Though he was influenced by both Turner and the Pre-Raphaelites, Goodwin's talent and unique personality managed to emerge from the shadows of his famous influencers. There is an almost mystical quality to many of Goodwin's landscapes, of beauty touched by strangeness. Many of Goodwin's pictures are of picturesque structures, ruined castles, looming bridges, or Gothic spires reaching out of the clouds of weather, or the fog of night. One cannot help but sense vast and different worlds swirling around our heaviest monuments, as if portals to other times and places were all around us. His painting of Westminster, for instance, looks as if that wonderful building was emerging from a rampaging fire; while his Benares seems almost to emerge from the gloom of a dark dream. The Rain From Heaven, All Souls, Oxford has this dreamlike quality. The church emerges from the clouds and mist, almost hovering before the viewer like a gray illusion.
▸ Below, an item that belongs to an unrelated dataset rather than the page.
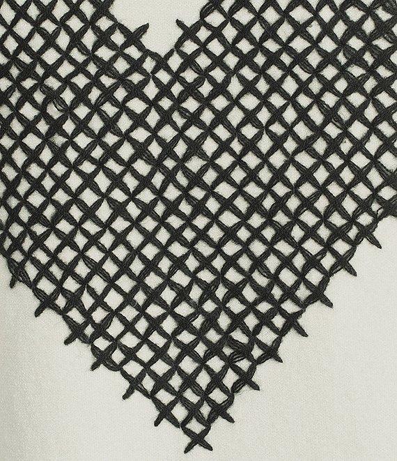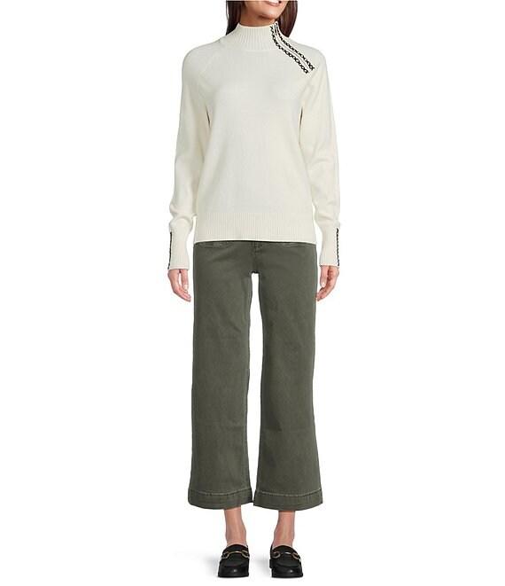 From Charlie B., this sweater features: Knit fabrication Turtle neckline Long raglan sleeves Zipper cuff and shoulder detail Cross stitch heart at back Straight hemline Pullover construction Approx. 24" back length Viscose/polyester/nylon Hand wash Imported.

The picture, in watercolor, pencil, and, heightened with white body color, is a masterwork. The spires are suggested rather than delineated, as the suggestions of a gifted minimalist. No information is lost, and a definite sense of place is secured. The faint hint of a greater London in the distance works to ground All Souls in reality, as does the tiny, umbrella-carrying figures in the left foreground. The sun tries to pierce the gloom overhead, as if an appeal from heaven. Goodwin has created a realistic impression of rain, mist and fog, through the use of lost and found contour lines. The gray haze hovering over All Souls (and London beyond) is opaque and heavy with water. In fact, that Goodwin was able to neuter the natural luminosity of watercolor is a sign of his virtuosity. It is a monochromatic virtuoso.